Данный метод, сам по себе, – это не просто некоторый вариант экспериментального метода. Так считали и Титченер, и Джемс. Метод, о котором здесь идет речь, – это не только множество действий и процедур. Он включает в себя способ размышления о проблемах и способ их обсуждения. Этот метод нуждается в названии, и чаще всего его называют эмпирическим, однако всякое соблюдение обычаев возможно лишь с оговорками. Применение этого термина к данному метафизическому обязательству почти наверняка ввело бы в заблуждение таких исторических эмпириков, как Локк, Беркли, Юм, Милль и Джемс. Они вряд ли смогли бы понять психологию, старающуюся освободиться от менталистических предикатов. Мы можем лишь подозревать, что их реакция на представление о психологии как о "бихевиористской науке" будет варьировать от недоверчивой до эксцентричной. Термин "эмпирический", если рассматривается его современное употребление, должен также означать измерение, практическую направленность, беспристрастность, этическую нейтральность и (иронически говоря) антиметафизичность. Современные журналы, посвященные нейропсихологии, клинической практике, обучению животных или помощи семье, стараются отражать эти "эмпирические" свойства.

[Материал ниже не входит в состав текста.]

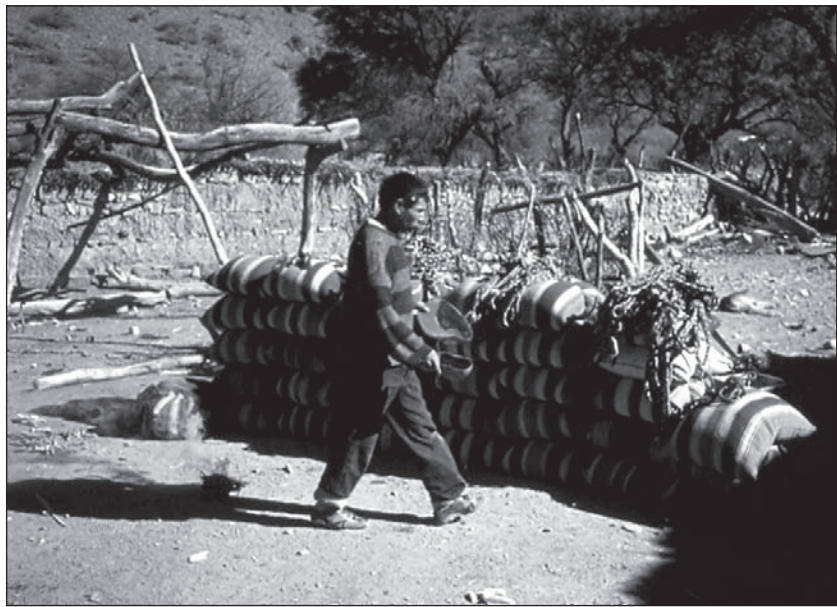
Figure 1. Itinerant potter from Ticatica, Potosi, Bolivia with 34 sacks of maize acquired in exchange for the pottery he made. Before his return home he is making a burnt offering (smoking to the left) and libations of chicha (from the gourd in the potter's hand) for the maize and his safe journey.

До какой степени этот всепроникающий аспект современной психологии также является "примечанием" к девятнадцатому столетию? Для ответа на этот вопрос нам следует еще раз задержаться и рассмотреть, каковы были влияние немецкого идеализма и реакция на него.

Философия Просвещения серьезно перекроила то, что некогда считалось рациональным обоснованием истинности. В Англии и Франции наука решительно повернулась в сторону светского направления, откуда впоследствии уже никогда не отступала. Неудачная попытка Французской революции изменить общие условия жизни французов, а также крайности этой революции способствовали развитию политического консерватизма по обе стороны Ла-Манша. Приход Наполеона к власти и происшедшие в результате этого войны привели к появлению разнообразных, не связанных друг с другом религиозных, социальных и политических движений. В Англии произошла определенная концентрация традиционных классовых различий и возросла враждебность по отношению к либеральным философиям, обвиняемым многими за имеющиеся в мире проблемы. Объективная и ультрарациональная философия британских эмпириков, как считалось, увела людей прочь от религии и вбила клин между повседневной жизнью и областью трансцендентного, придающего смысл повседневной жизни. Некоторые считали, что единственное разрешение этого кризиса веры следует искать в философиях идеалистического направления, в то время охвативших Германию. "Натурфилософию" Шеллинга британская аудитория встретила столь же сочувственно, как и любая аудитория в его собственной стране. Наиболее красноречивыми и сильными лидерами британского идеалистического движения были поэты "озерной школы", в особенности Кольридж (1772-1834) и Вордсворт (1770-1850). Они с большей проницательностью, чем прочие, ощущали ослабление исторических ценностей, подкрадывающийся релятивизм в этике и морали. Послушайте воззвание Вордсворта, призывающего из до-Юмовских времен героя, утерянного Англией:

Мильтон! ты должен был бы жить в этот час,
Англия нуждалась в тебе,
она – болото в застойных водах...              ("Лондон, 1802")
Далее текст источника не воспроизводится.